Posted by James Dills, October 2, 2018

Each year, October is designated as Breast Cancer Awareness month. Women of all ages can develop this devastating cancer, but it does become more common as we grow older. Breast cancer is the most common form of cancer in the world, responsible for 458,000 deaths worldwide each year.

Currently, research has yet to pinpoint the exact causes of most cases of breast cancer. Genetic links have been discovered in a minority of cases, but for most patients, the cause is unknown. Therefore, awareness focuses on prevention and early recognition of the disease. When caught early, breast cancer is treatable and survivable.

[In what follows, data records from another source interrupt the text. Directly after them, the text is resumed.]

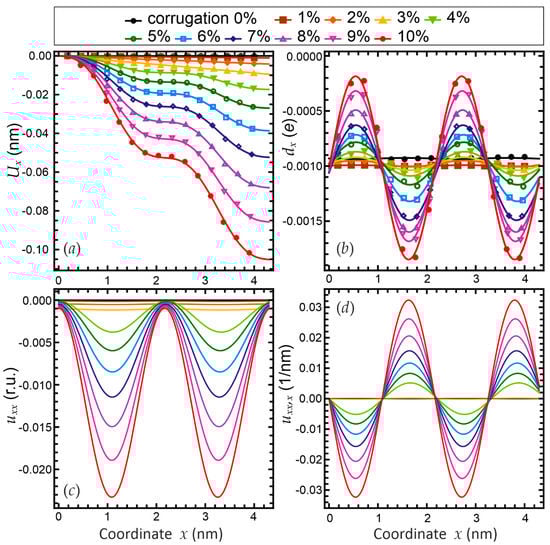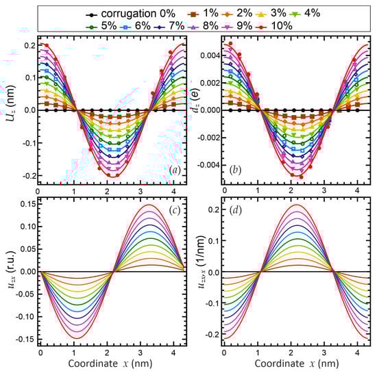 The linear component of the projection of the offset on the x-axis (shown in Figure 6a) is explained by the conservation of the total length of the unit cell, and the projection of the length decreases in the x-direction. The presence of a harmonic component is explained by the fact that atoms located exactly on the top and bottom of the corrugation profile are exposed to electrostatic forces only in the z-direction and remain in place in the x-direction (excluding the linear shift). In addition, those atoms that are in places, where there is a change in the bend of corrugation, do not have a shift in either in the y-direction or in the x-direction (excluding the linear shift). All other atoms change their position under the action of electrostatic and elastic forces in order to achieve equilibrium. Based on the amplitude of the dipole moment (shown in Figure 6b), we can conclude that the deformation of the unit cell in x-direction is negligible, and the presence of the dipole moment in the absence of deformation is explained by the fact that the calculated dipole moment has the third order symmetry axis and, accordingly, is not symmetric in the x-direction in the Cartesian coordinate frame.
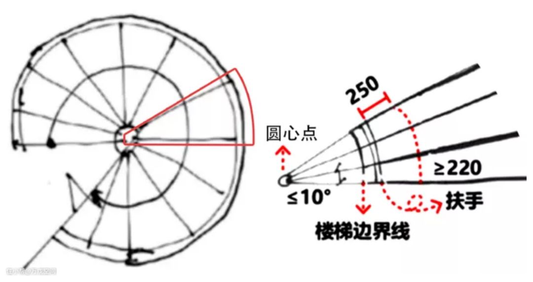 弧形楼梯、扇形楼梯作为疏散楼梯时,踏步上下两级所形成的平面角度不应大于10°,且每级离扶手250mm处的踏步深度不应小于220mm,如上图所示。
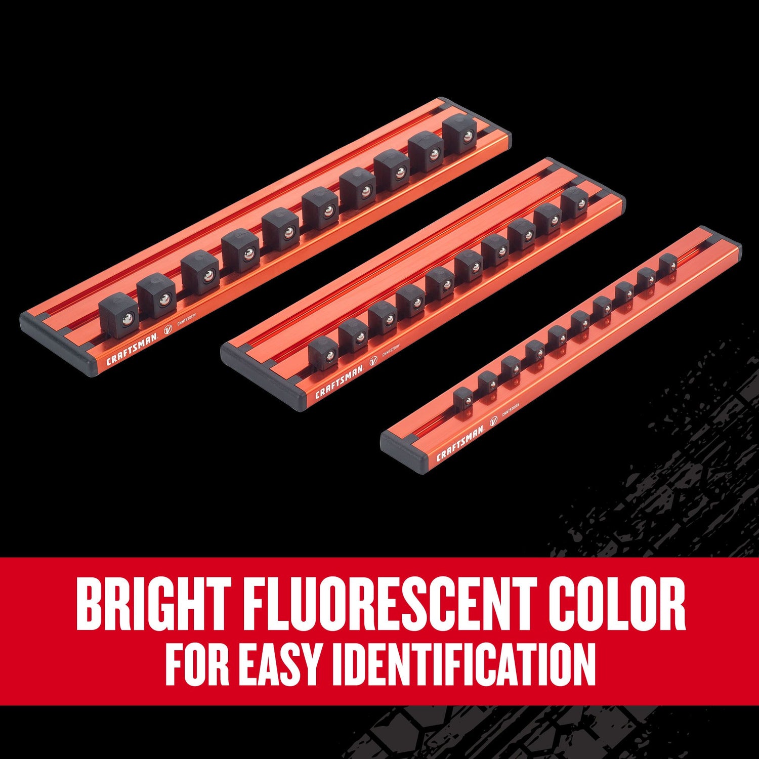Engineered for professionals, this socket rail set features three bright orange magnetic socket rails that are perfect for socket storage and organization.
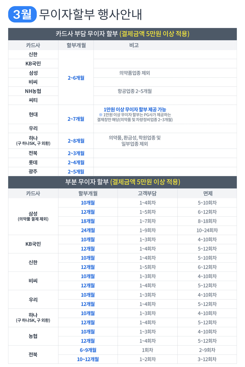 [이벤트]2021년3월 카드 무이자 할부 행사 안내
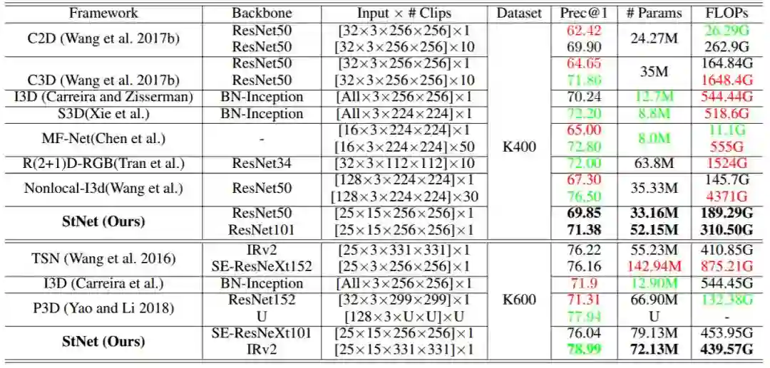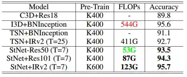 表 3:StNet 和几种最先进的基于 2D / 3D 卷积的解决方案的比较。该结果通过在 Kinetics400 和 Kinetics600 的验证集上得到,其仅具有 RGB 模态。
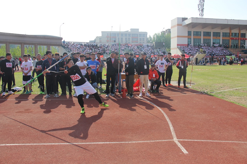 运动场上,运动健儿们身姿矫健,以饱满的热情展示着自己的运动才能。在标枪比赛开始前,高宣斌和赵晨斐在准备区进行着压腿,拉伸关节等准备活动,为即将开始的比赛注入能量。在比赛正式开始前,裁判让各运动员进行试掷以了解场地具体情况。运动员进行试掷的过程中,不断地寻找和调试鞋子的最佳发力点。“开始!”当裁判员一声令下,高宣斌两腿迅速蹬地,两臂积极摆动,保持身体前倾,用力蹬地,自然流畅地完成标枪后引、跨步起跑、加速冲刺三个连贯动作,一根标枪在空中划出弧线后,稳健地插入远方的地平线。赵晨斐亦不甘落后,提气运力、抛竿向上、一气呵成,娴熟的动作赢得阵阵喝彩。
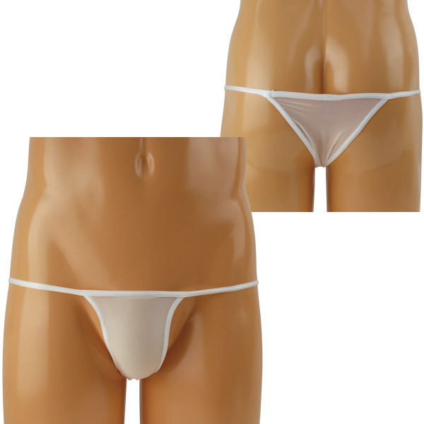ミニマムなスタイルがお好みの方に!軽やかな透け素材の男性用シースルーショーツ。●極薄のホワイトシースルー●良く伸びるストレッチ素材●お尻丸見えな超ローライズ●サイドは華奢なストリング●ハーフバック仕様。スッキリとしたシンプルフォルムでもこだわりを♪上下左右に伸縮するストレッチ素材でしっかりと身体にフィットするセクシーなメンズアンダーウェアです。
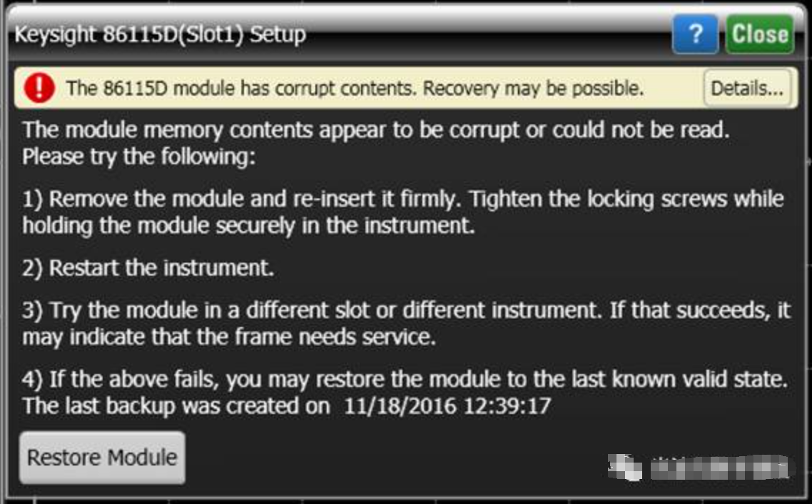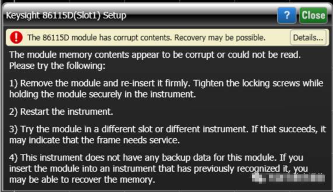 當(dāng)我們將測(cè)試模塊插入主機(jī)后,如果主機(jī)提示系統(tǒng)數(shù)據(jù)損壞“modulecorrupt contents”,但是主機(jī)能夠識(shí)別該儀器的型號(hào)和序列號(hào),主機(jī)會(huì)有如下的提示:
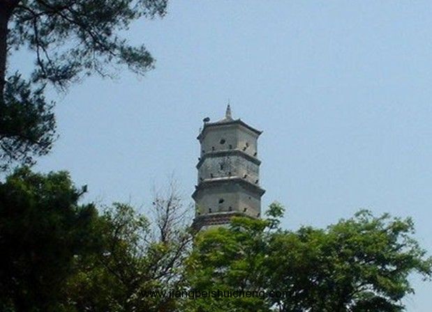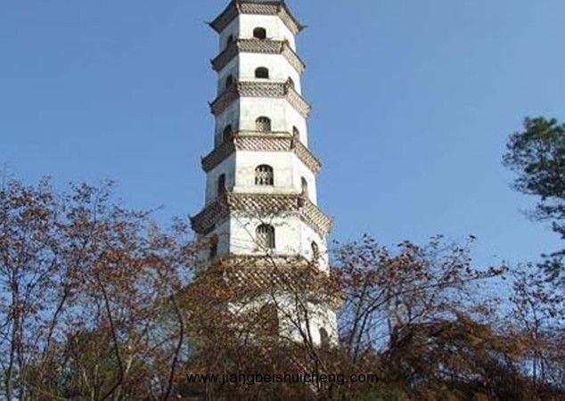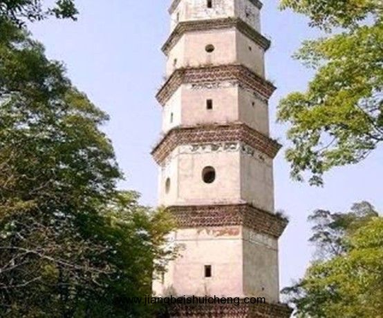 塔平面六邊形,底邊長(zhǎng)3.9米,七層樓閣式磚塔,通高36米,塔身疊澀出檐。底層以及三至七層正面各開券頂門,二層各面相間開長(zhǎng)方形、圓形窗,其余各層相間、上下相錯(cuò)開5個(gè)方形窗。塔頂六角攢尖。塔內(nèi)各層設(shè)木樓板和木樓梯。門額有阮元題刻的“秀發(fā)梧江”、“觀文成化”、“光射牛斗”等石匾。1982年維修,改木樓梯為鐵樓梯。

Warning signs of breast cancer include: 

  • A change in how your breasts look and feel
  • A change in the appearance or feeling of your nipples
  • Nipple discharge
  • Lumps, hard knots, or thickening in breast tissue
  • Swelling, warmth, redness, or darkening of breast tissue
  • Dimpling or puckering of the skin on the breast
  • A change in the size or shape of your breasts
  • A rash or sore on the nipple
  • Nipple or other part of the breast “pulls in”
  • A new pain on the breasts that does not go away

It is important to note that these symptoms can appear in one or both breasts. Also, though it is much more rare, men can contract breast cancer too!

Please know that if these symptoms appear, they do not automatically signal breast cancer. In fact, a more benign and simple condition is more often to blame. Regardless, it is important to report these symptoms to your healthcare provider immediately, so that the possibility of breast cancer can be ruled out.

Early detection is key. Routine screenings for breast cancer are perhaps even more important than learning the potential signs. With regular preventive screenings, we can often identify the development of cancer early in the process, before symptoms even appear. The American Cancer Society recommends mammography every two years for women over age 55, or annually if you have reason to be concerned about cancer (due to family history or other factors).

Talk to your healthcare provider about your own risk of breast cancer, which can vary according to genetics and lifestyle factors. Schedule a mammogram if you haven’t had one in the past two years, and please do follow your physician’s advice regarding cancer prevention.